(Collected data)
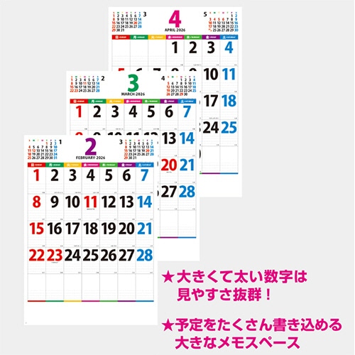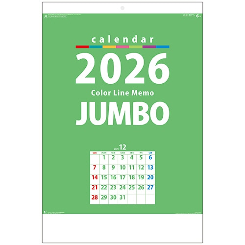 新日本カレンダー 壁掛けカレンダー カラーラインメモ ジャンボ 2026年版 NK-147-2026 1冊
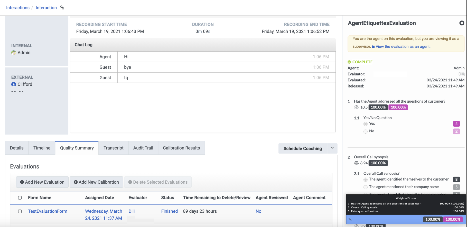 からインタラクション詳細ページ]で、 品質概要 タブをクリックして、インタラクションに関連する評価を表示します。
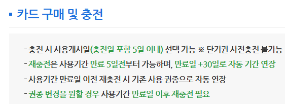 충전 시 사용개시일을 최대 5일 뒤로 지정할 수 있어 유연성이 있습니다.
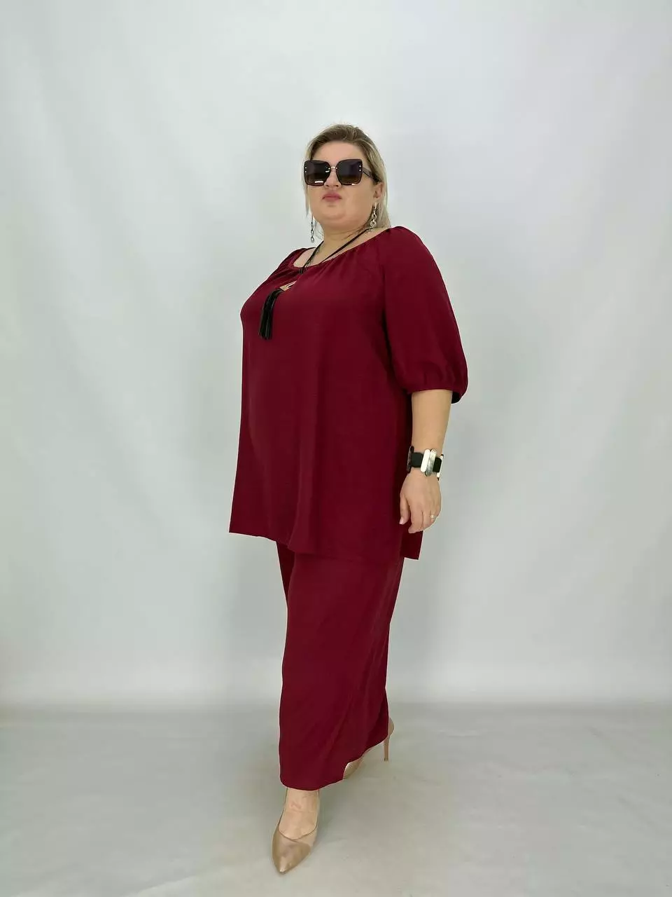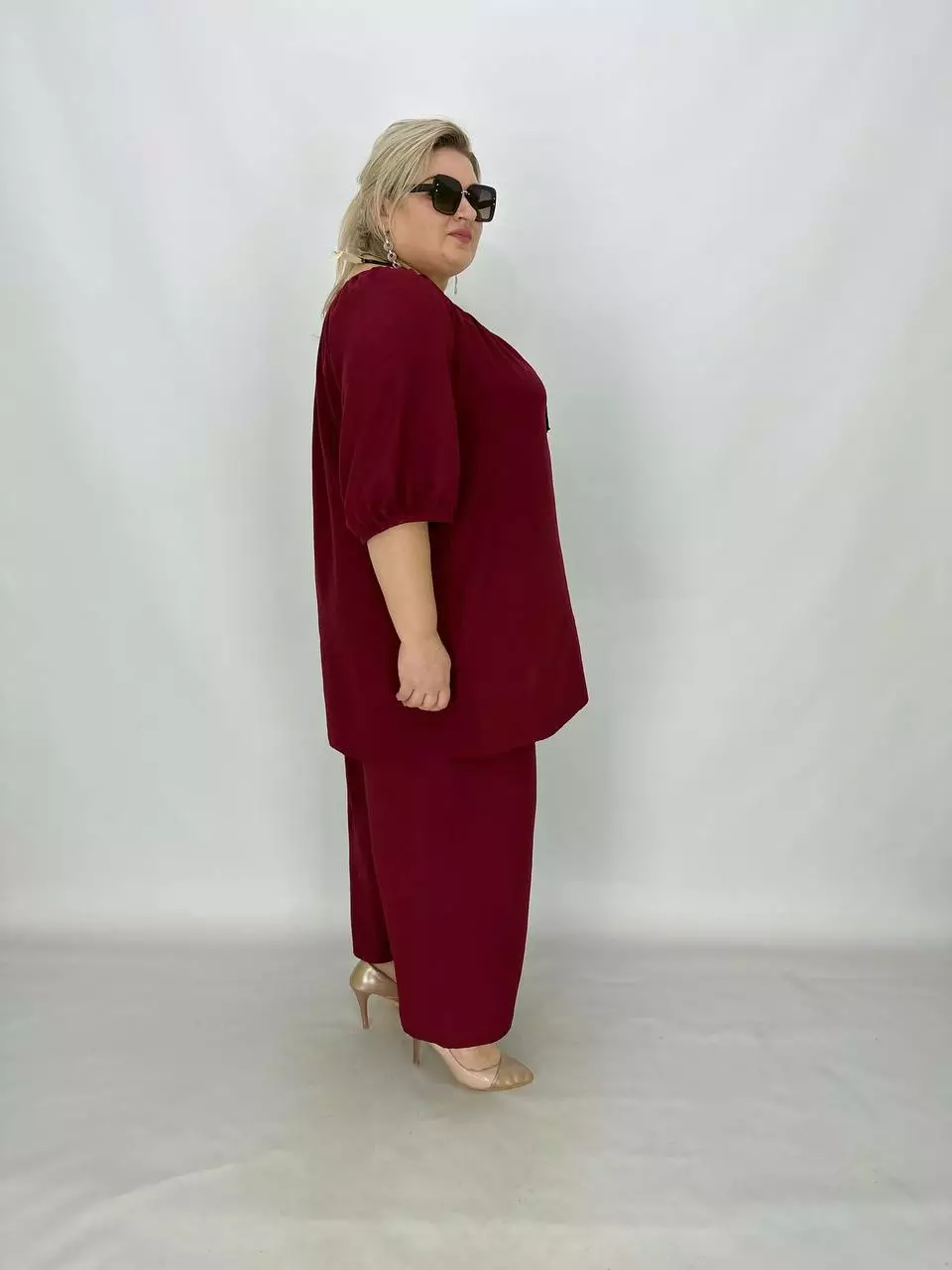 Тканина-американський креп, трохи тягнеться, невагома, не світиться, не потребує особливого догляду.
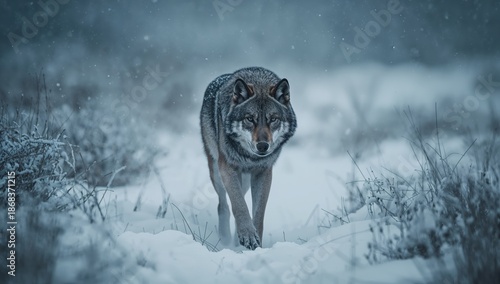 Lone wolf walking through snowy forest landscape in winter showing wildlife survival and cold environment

Instructions to follow =
Reproduce every record word for word. The copy must contain no pictures.

Exercise response =
 新日本カレンダー 壁掛けカレンダー カラーラインメモ ジャンボ 2026年版 NK-147-2026 1冊
 からインタラクション詳細ページ]で、 品質概要 タブをクリックして、インタラクションに関連する評価を表示します。
 충전 시 사용개시일을 최대 5일 뒤로 지정할 수 있어 유연성이 있습니다.
 Тканина-американський креп, трохи тягнеться, невагома, не світиться, не потребує особливого догляду.
 Lone wolf walking through snowy forest landscape in winter showing wildlife survival and cold environment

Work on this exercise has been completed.